Re: The best way to handle different type of XML files by toolic (Bishop) on Nov 21, 2009 at 13:30 UTC
XML::Simple works well if the structure of your XML is simple. The module's author summarizes it's capabilities quite nicely in the POD and offers alternate modules, depending on your necessities: http://search.cpan.org/~grantm/XML-Simple-2.18/lib/XML/Simple.pm#WHERE_TO_FROM_HERE? The XML::Simple module review also offers advice on when it is appropriate to use XML::Simple. XML::Twig has suited my general-purpose XML needs.	[reply]
Re^2: The best way to handle different type of XML files by ikegami (Patriarch) on Nov 21, 2009 at 15:44 UTC
XML::Simple can't even handle elements that can repeat a variable number of times without making a mess. You need to hold it's hand or you won'tbe able to predict the structure you'll get. It's much less trouble to get a consistent tree every time. That's why I use (the much faster) XML::LibXML. As for the variations between the document formats, it becomes a question of using the right XPath for the document in question. You can use a lookup table for that. `my $xpath = $xpath_by_doctype{$doctype};` [download] Other solutions based on XPath (like XML::Twig) should do fine too.	[reply] [d/l]

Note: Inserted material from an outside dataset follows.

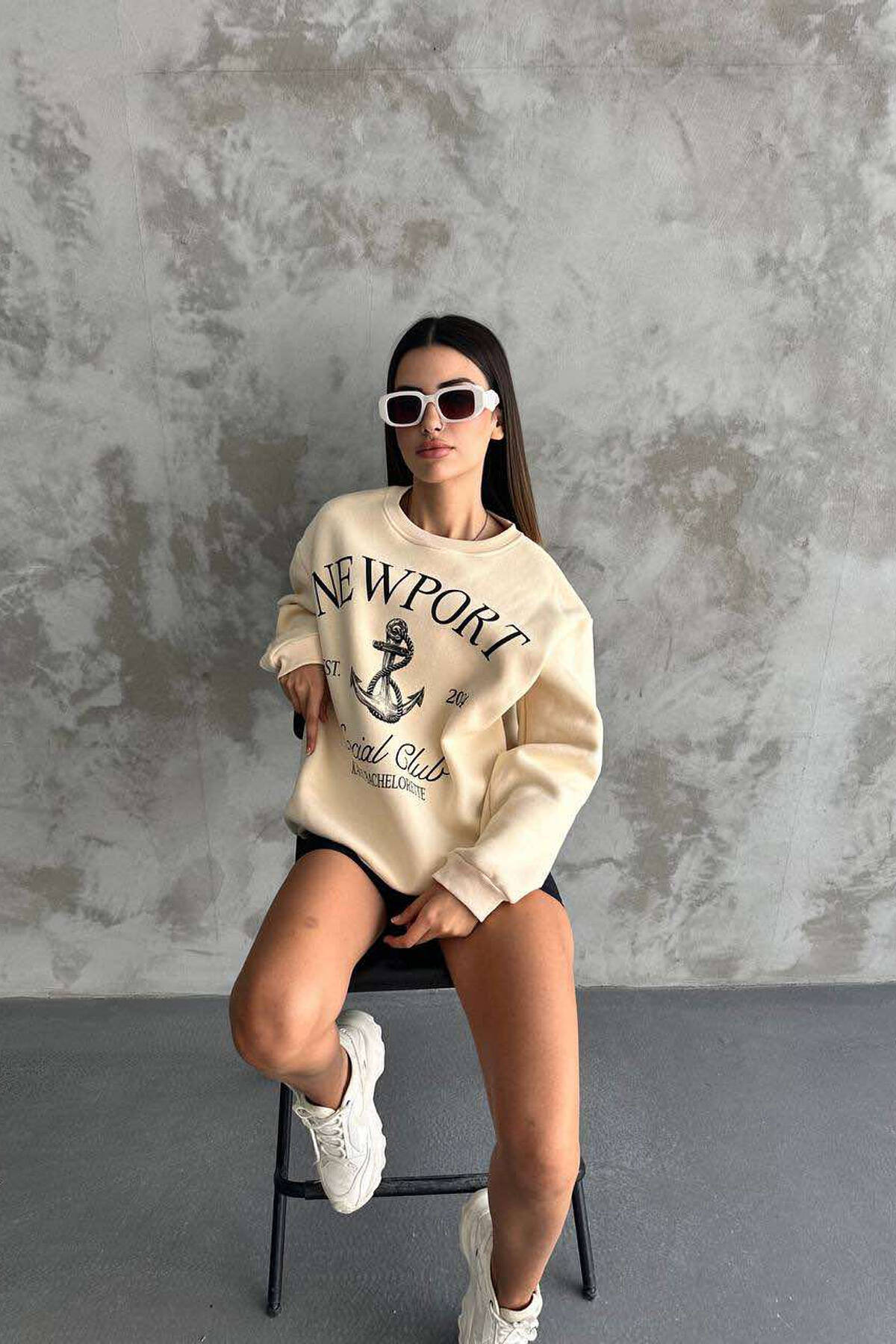 BLUZË PËR FEMRA ME LOGO NEWPORT NË NGJYRË BEZHË

Re^3: The best way to handle different type of XML files by mpeever (Friar) on Nov 21, 2009 at 20:22 UTC
I've found XML::Simple is really useful for prototyping a solution, frequently with either a dumbed-down schema or a subset of a real document. It lets me stub out the XML bit of the program so I can get the rest of the logic flowing. After that, I usually end up re-writing that code to XML::XPath or its ilk. I prefer to use XML::Simple when possible, because it takes a lot less care and feeding in the simplest cases. But like you pointed out, it blows up pretty quickly once the document is more than trivial. Of course, it sounds like the OP has gotten past the prototype stage already. Frankly, it sounds like the project got a lot farther on XML::Simple than I would have expected.	[reply]

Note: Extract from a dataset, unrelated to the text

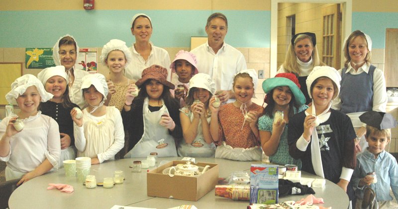 Mrs. Kathy Chadwick’s 4th grade students at Kaegebein Elementary celebrated “Colonial Day” on Tuesday, November 22nd. This day is based on a class novel the students read called "Felicity Learns a Lesson". The girls prepare the dinner meal. They make applesauce, butter, peel and mash potatoes, and prepare the stuffing. The boys learn lessons from hornbooks. The girls learn how to cross stitch and have a tea party. The boys learn about Colonial occupations and construct a sign to go with an occupation they are interested in. Both the boys and girls make soap, carve soap, write with a quill feather and ink, and stencil. This year Mr. Rizzuto, an Old Fort Niagara re-enactor, taught the students Colonial games. All the boys and the girls enjoyed this authentic experience of Colonial times.

Re^4: The best way to handle different type of XML files (Why I don't think much of XML::Simple) by ikegami (Patriarch) on Nov 21, 2009 at 23:14 UTC
Re^5: The best way to handle different type of XML files by mpeever (Friar) on Nov 22, 2009 at 22:02 UTC
Re: The best way to handle different type of XML files by Tanktalus (Canon) on Nov 21, 2009 at 15:20 UTC
XML::Twig + XPath (either the XPath built-in to XML::Twig, or, if you need a bit more, XML::XPath will work with twig objects). Suddenly, you won't have to care about depth, just names. You may have to care about multiple names for a given value, such as //middle//name, or just //name, or include attributes or whatever, but it's all hierarchies of names, regardless of depth. Of course, it's always nice to have a standard format for all your vendors to use, but, unless you're Walmart, good luck with that. :-)	[reply]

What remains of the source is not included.